Date: Thu, 4 May 2023
From: Robert E. Hunter <Robert@hunters21.com>
/Ambassador Partnership/, May 4, 2023
It’s always risky to assess at mid-term how a US president is doing in
foreign policy. Cold warrior Ronald Reagan had not yet gone to Reykjavik
to meet Mikhail Gorbachev. Jimmy Carter had brokered peace between
Israel and Egypt, but had not yet been challenged
by the Ayatollah, and at mid-term Harry Truman had not yet fashioned
the NATO alliance. But for the world outside if not the American people,
such mid-term assessments need to be done, if only to seek reassurance
about US leadership and as a hoped-for harbinger
of the future.
President Joe Biden’s foreign policy “report card” so far? At best mixed.
Assessment should begin with his worst moment of “egg-on-your face,”
the US withdrawal from Afghanistan, completed in August 2021. But
while Biden’s team (mostly the Pentagon) made a hash of the withdrawal,
it had been set in stone in February 2020 by his
predecessor, Donald Trump, and was way overdue, both regionally and in
most Americans’ wanting out. The Biden team’s execution was sloppy --
with, for many, tragedy -- but his strategy in implementing Trump’s
agreement with the Taliban was sound. And who
among America’s friends and allies any longer care?

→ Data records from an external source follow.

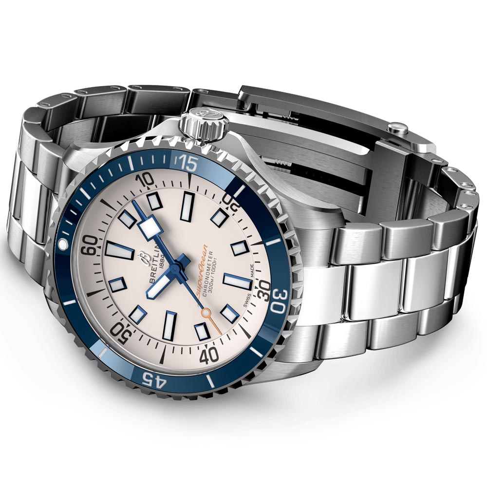 In the 1960s. scuba diving rose to prominence as a sport. and Breitling responded by introducing the Slow Motion watch. It was designed for maximum legibility with a clear-cut look featuring clean lines. luminescent indexes. squared-off hands. and a high-contrast dial ring. Perfect for all water-based activities. Breitling Superocean 42mm automatic watch offers premium performance and style.
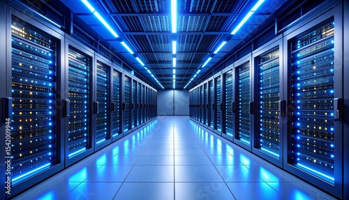 Industrial-Grade Server Room Featuring Backup Power Units, Precision Cooling Systems, Server Racks, Exposed Power Cables, and Ventilation Infrastructure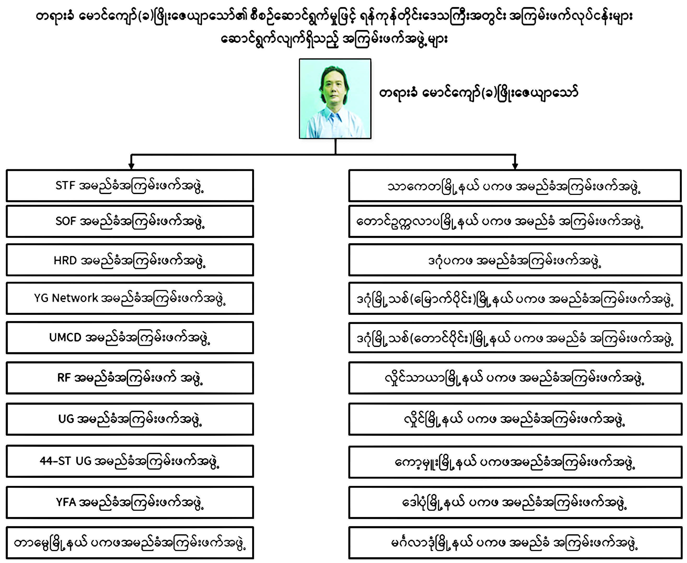 တရားခံ မောင်ကျော်(ခ) ဖြိုးဇေယျာသော်သည် STF အမည်ခံအကြမ်းဖက်အဖွဲ့၊ SOF အမည်ခံ အကြမ်းဖက်အဖွဲ့၊ HRD အမည်ခံအကြမ်းဖက်အဖွဲ့၊ YG Network အမည်ခံအကြမ်းဖက်အဖွဲ့၊ UMCD အမည်ခံအကြမ်းဖက်အဖွဲ့၊ RF အမည်ခံအကြမ်းဖက် အဖွဲ့၊ UG အမည်ခံအကြမ်းဖက်အဖွဲ့၊ 44-ST UG အမည်ခံအကြမ်းဖက်အဖွဲ့၊ YFA အမည်ခံအကြမ်း ဖက်အဖွဲ့၊ တာမွေမြို့နယ် ပကဖအမည်ခံ အကြမ်းဖက် အဖွဲ့၊ သာကေတမြို့နယ် ပကဖအမည်ခံအကြမ်းဖက် အဖွဲ့၊ တောင်ဥက္ကလာပမြို့နယ် ပကဖအမည်ခံ အကြမ်းဖက်အဖွဲ့၊ ဒဂုံ ပကဖ အမည်ခံအကြမ်းဖက် အဖွဲ့၊ ဒဂုံမြို့သစ်(မြောက်ပိုင်း) မြို့နယ် ပကဖ အမည်ခံအကြမ်းဖက်အဖွဲ့၊ ဒဂုံမြို့သစ်(တောင်ပိုင်း)မြို့နယ် ပကဖ အမည်ခံ အကြမ်းဖက်အဖွဲ့၊ လှိုင်သာယာမြို့နယ် ပကဖ အမည်ခံအကြမ်းဖက် အဖွဲ့၊ လှိုင်မြို့နယ် ပကဖ အမည်ခံအကြမ်းဖက်အဖွဲ့၊ ကော့မှူးမြို့နယ် ပကဖအမည်ခံအကြမ်းဖက်အဖွဲ့၊ ဒေါပုံမြို့နယ် ပကဖ အမည်ခံအကြမ်းဖက်အဖွဲ့၊ မင်္ဂလာဒုံမြို့နယ် ပကဖ အမည်ခံအကြမ်းဖက် အဖွဲ့စသည့် အကြမ်းဖက်အဖွဲ့ (၂၀) ကို အကြမ်းဖက် NUG အဖွဲ့ထံမှ ရရှိခဲ့သော လက်နက်/ ခဲယမ်းများထုတ်ပေးကာ ရန်ကုန်တိုင်းဒေသကြီး အတွင်း အကြမ်းဖက်လုပ်ငန်းများနှင့် အပြစ်မဲ့ ပြည်သူများအား လုပ်ကြံသတ်ဖြတ်ခြင်းများ ဆောင် ရွက်ခဲ့ကြောင်း ဖော်ထုတ်သိရှိရသည်။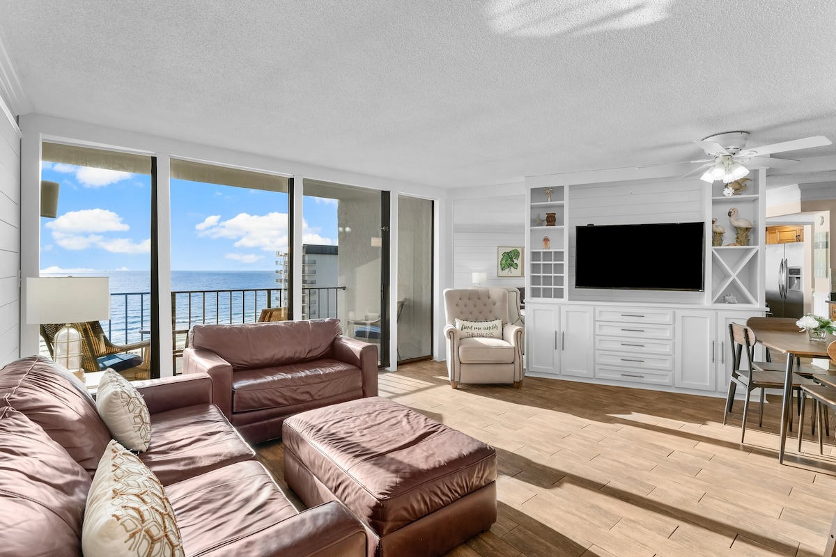 Élj luxusban az óceánparton | 4 hálószobás tengerparti lakás Ébredj a panorámás óceánra néző kilátással a saját, második emeleti fő hálószobád erkélyéről. Igyál egy kávét reggel, miközben a hullámok nyugtató hangjait hallgatod a 2 óceánra néző erkély egyikéről. Ez a tágas 4 hálószobás/3 fürdőszobás lakás nemrég lett felújítva, csúcskategóriás bevonatokkal és minden olyan kényelemmel, amit egy stresszmentes kiruccanáshoz elvár. Ez a lélegzetelállító pihenőhely, amely csak néhány lépésre található egy cukorfehér, privát strand bejáratától, a tökéletes tengerparti kiruccanás!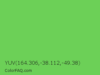 YUV 164.306,-38.112,-49.38 Color is a normal green color and the nearest color is Mantis #74c365. Hex code #6cd057 and RGB value is rgb(108,208,87). In RGB color space, this color is composed of 42% red, 82% green, 34% blue, In CMYK color space, this color is composed of 48% cyan, 0% magenta, 58% yellow , 18% black , In HSL color space, this color has a hue angle of 110° , 56% saturation and 58% lightness.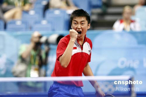 8月21日,北京奧運會乒乓球男子單打第三輪的比賽在北京大學體育館進行,中華臺北選手莊智淵3比4不敵新加坡選手揚子,無緣下一輪比賽。中新社發 盛佳鵬 攝

This illustrates the first lesson in assessing how a US president is
doing in foreign affairs: most US foreign policies are based on
continuity, doing what the president(s) before you did. Going against
the inertia of that continuity, when national interests
call for it, requires serious strategic analysis and then presidential
leadership.
Thus judging Biden on the Big Three issues – the Russian invasion of
Ukraine, the Middle East,, and China – first requires looking at the
cards he was dealt. Judgment of Biden’s record is still merited and
necessary, but we should be chary about laying all
that is now happening at his feet.
The Biden administration correctly read the signals that Putin would
invade Ukraine. And after war began, Biden has effectively threaded
the strategic needle: between 1) giving Ukraine enough military help to
stave off defeat and orchestrating support (and
limitations thereupon) by most of the NATO allies and some other
countries, and 2) not providing so much military capability to Ukraine
that it could raise the ante by attacks into Russia proper. Thus Russia
has chosen not to attack any NATO ally, with formal
alliance security guarantees, and there has been no escalation of the
war into Russia that could – even if Putin is bluffing –bring nuclear
issues into play. Ukraine and its people will continue to suffer
horrendously. But the war has been limited (and
make no mistake, this is not a new cold war, but a hot war between the
United States and Russia, for the first time since 1919.) For both
Biden and Putin, /realpolitik/ has so far prevailed.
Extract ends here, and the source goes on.